Recently, Çitamak et al.²³ applied the three NSS on a large dataset and found that the CROES nomogram was the best to predict both success and complications. They also proposed a genuine simple scoring system for prediction of outcomes of PNL in children: the stone-kidney size score. It depends on the number of stones and the relationship between stone burden and renal length. Their new score achieved reasonable performance in prediction of success but questionable ability to predict complications. This score categorizes patients into just three grades that cannot accommodate the whole spectrum of renal stone complexities. Moreover, it still needs further evaluation as it was derived from a retrospective dataset extending over 20 years and involving heterogeneous imaging methods, surgical techniques, and instrument sizes.
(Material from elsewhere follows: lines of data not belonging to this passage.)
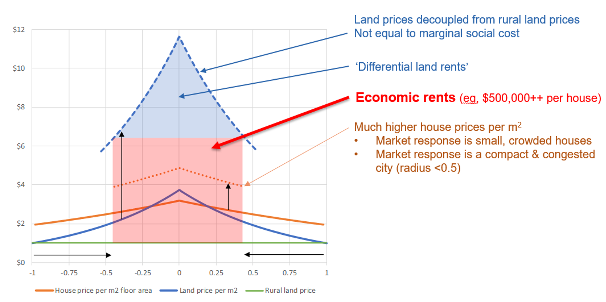 13. This is based on an assumption of housing being a homogenous good. In practice, the features of land and housing are often unique to each parcel/house and that leads to a price premium for the scarce features↩︎
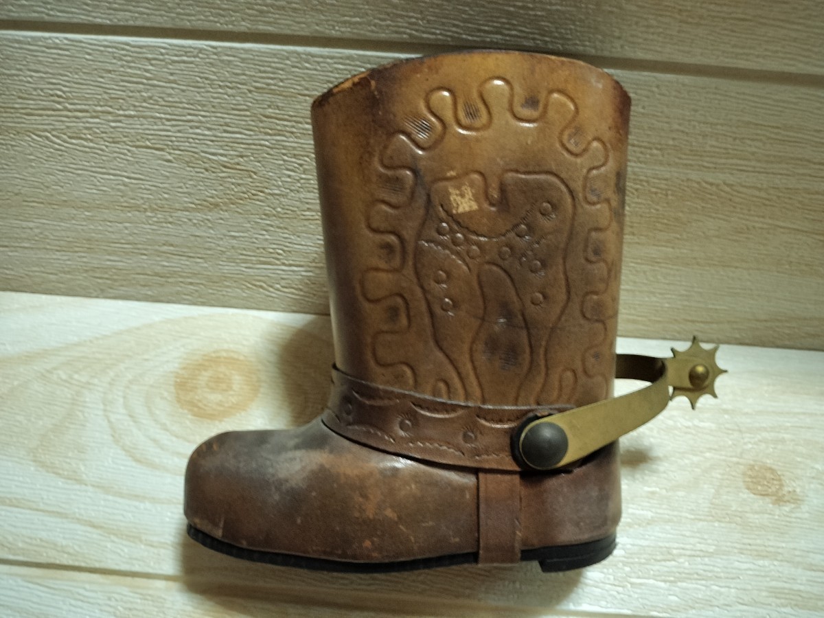 - 珍品!激レア!レトロ!皮製!ブーツ!靴!ビンテージ!小物入れ!お洒落!可愛い!インテリア!ステ
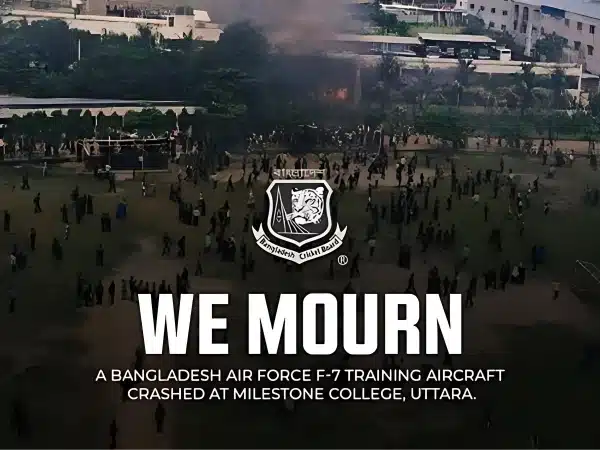 گزشتہ روز بنگلہ دیش ایئرفورس کا تربیتی طیارہ دارالحکومت ڈھاکا میں ایک اسکول اور کالج کمپلیکس پر گر کر تباہ ہو گیا تھا، حادثے میں کم از کم 20 افراد جاں بحق جبکہ 171 زخمی ہوئے، جس کے بعد بنگلہ دیش بھر میں آج یوم سوگ منایا جا رہا ہے۔
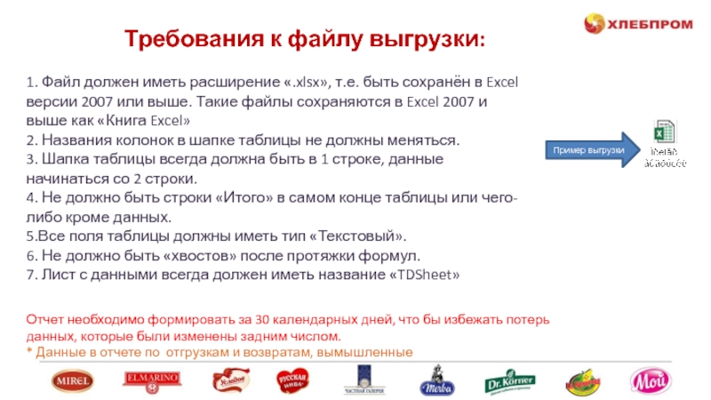 7. Лист с данными всегда должен иметь название «TDSheet»
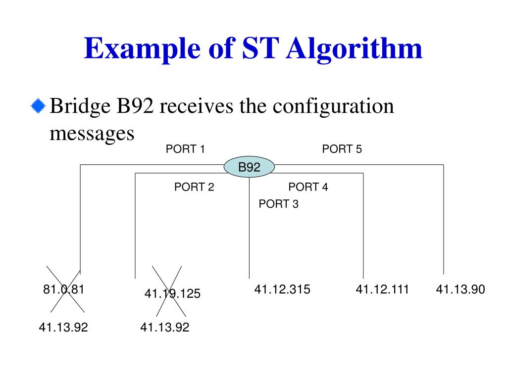 Example of ST Algorithm • Bridge B92 receives the configuration messages PORT 1 PORT 5 B92 PORT 2 PORT 4 PORT 3 81.0.81 41.12.315 41.12.111 41.13.90 41.19.125
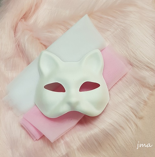 Tuotekuvassa kissamaskin alla keskellä olevat pieneksi rullatut verkkomaiset läpinäkyvät kankaat. Tarkempi tuotekuva myöhemmin. Karvakankaat ja kissanaamarit myydään erikseen.
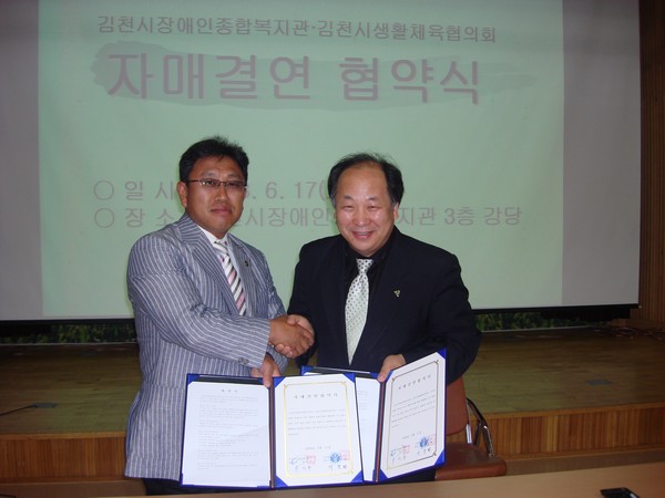 6월 17일(화) 17시부터 복지관 3층 강당에서 장애인들의 건강증진 및 생활체육 활성화를 위하여 김천시생활체육협의회(회장 서종환)와 자매결연을 체결하였습니다.
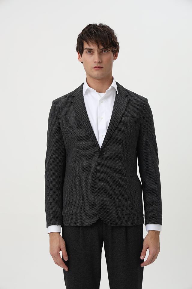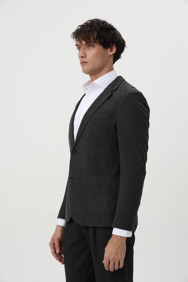 Мужской пиджак от бренда Calamar – это идеальное решение для создания стильного и современного образа. Пиджак выполнен в сером цвете с мелким геометрическим принтом, который добавляет оригинальности.
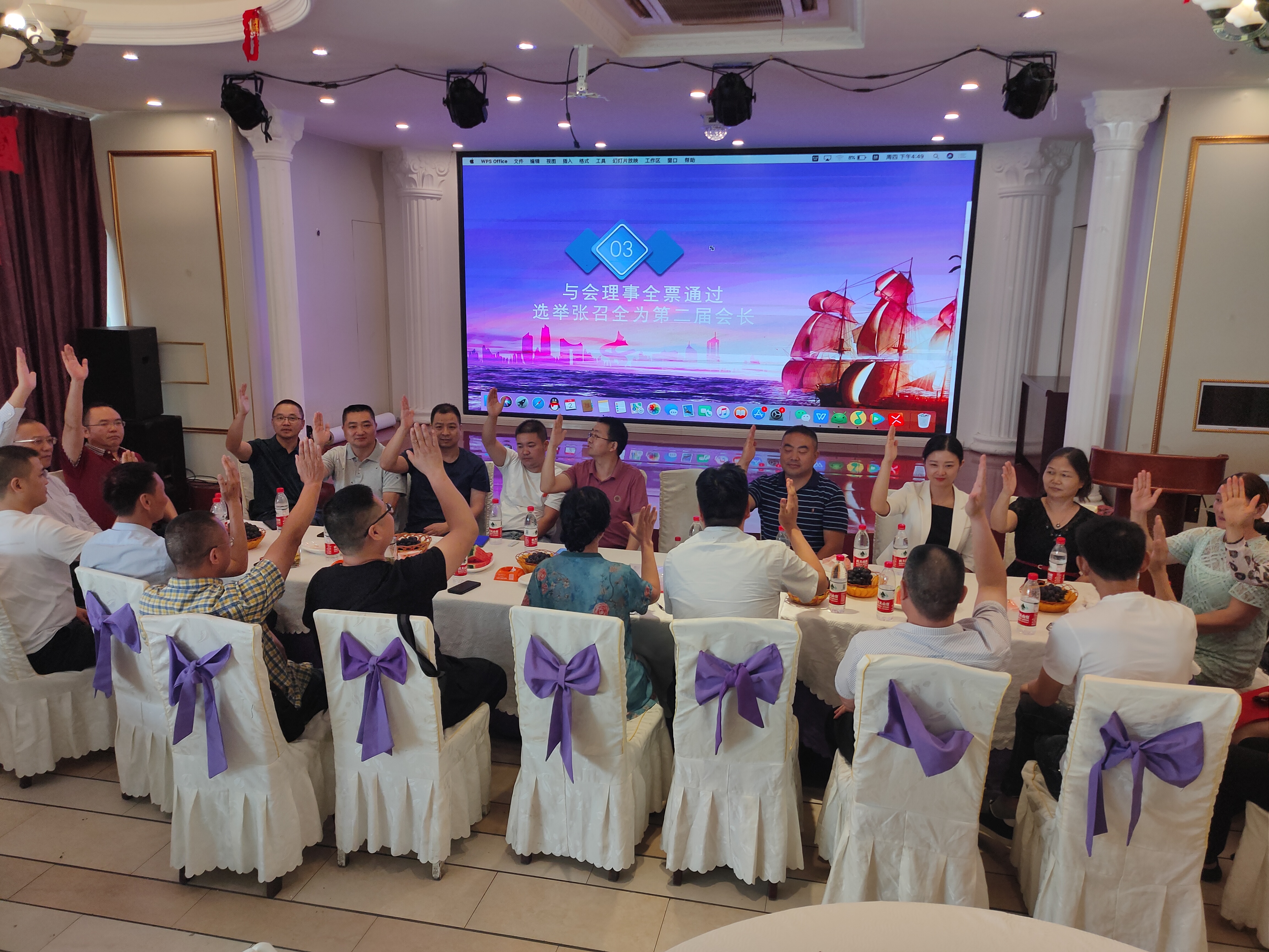 四川省重庆商会南川分会是南川人在成都发展的企业家组成的民间组织和社会团体,相对松散,作为核心的会长十分重要。张召全会长通过近4年的履职,他不但热爱商会事业和热心商会工作,而且还乐于奉献和担当。经7月2日到会理事全票通过张召全为第二届会长;全票通过朱玉阳、韦波、陈科友为第二届执行会长;全票通过陈勇、向仲生、周华、张学明为第二届常务副会长;全票通过宋义苹、曾敏、丁立伦、殷立勇、陈仕伟、封波、谈剑波、朱江陵、杨山、陈红玲、韦济元、李昌俊、石洪、梁正强、汪太林、刘渝川、游江、任波、程力、程永华为副会长;全票通过刘川庆、谭华溶为第二届理事;推荐宋义苹和殷立勇分别为第二届秘书长和监事。同时修订商会章程第五条本会住所为:成都武侯区天府大道北段1700号(环球中心E2-1001);补充商会章程第十五条的内容:(1)凡新入会的会员单位,按商会章程规定的会费标准缴纳;(2)凡第二年和第三年的会员单位,按商会章程规定的会费标准的50%缴纳;(3)凡连续缴费三年以上的会员单位,按商会章程规定的会费标准的10%缴纳。

The development of GSS was based on a literature review, expert opinions, and a plan/do/study/act process.⁹ Oddly, it did not include a direct evaluation of stone burden in spite of its proven effect on the outcome of PNL.^24,25 Of the predictors involved in this score, stone multiplicity and presence of a staghorn stone were found to affect stone clearance in our study. Our cohort did not include any case with a caliceal diverticulum, spina bifida, or spinal injury, so these items were not evaluated. The GSS was unique to involve the abnormal renal anatomy among its predictors. However, many studies denied the effect of renal anatomical abnormalities on the outcome of PNL.^26,27 Moreover, the absence of concrete definitions for an abnormal renal anatomy and a partial staghorn stone threatens the reproducibility of the score, as mentioned by its creators.⁹

S.T.O.N.E. nephrolithometry contains five predictors that were determined after a systematic review of the literature and a retrospective pilot study.¹⁰ Two predictors were found to affect stone clearance in our study: stone burden and S.T.O.N.E. score for the number of calices involved, which also entails the presence of a staghorn stone. However, the indeterminate description of the method of counting the involved calices weakens its reliability.²⁸ The other three predictors are exclusive for this score and essentially did not show a significant effect on stone clearance even in the initial report of the score.¹⁰ Although there are some conflicting reports about the adverse effects of obesity and a long stone-to-skin distance on the outcome of PNL in adults,^25,29 it is of negligible importance in children due to the constantly short stone-to-skin distance.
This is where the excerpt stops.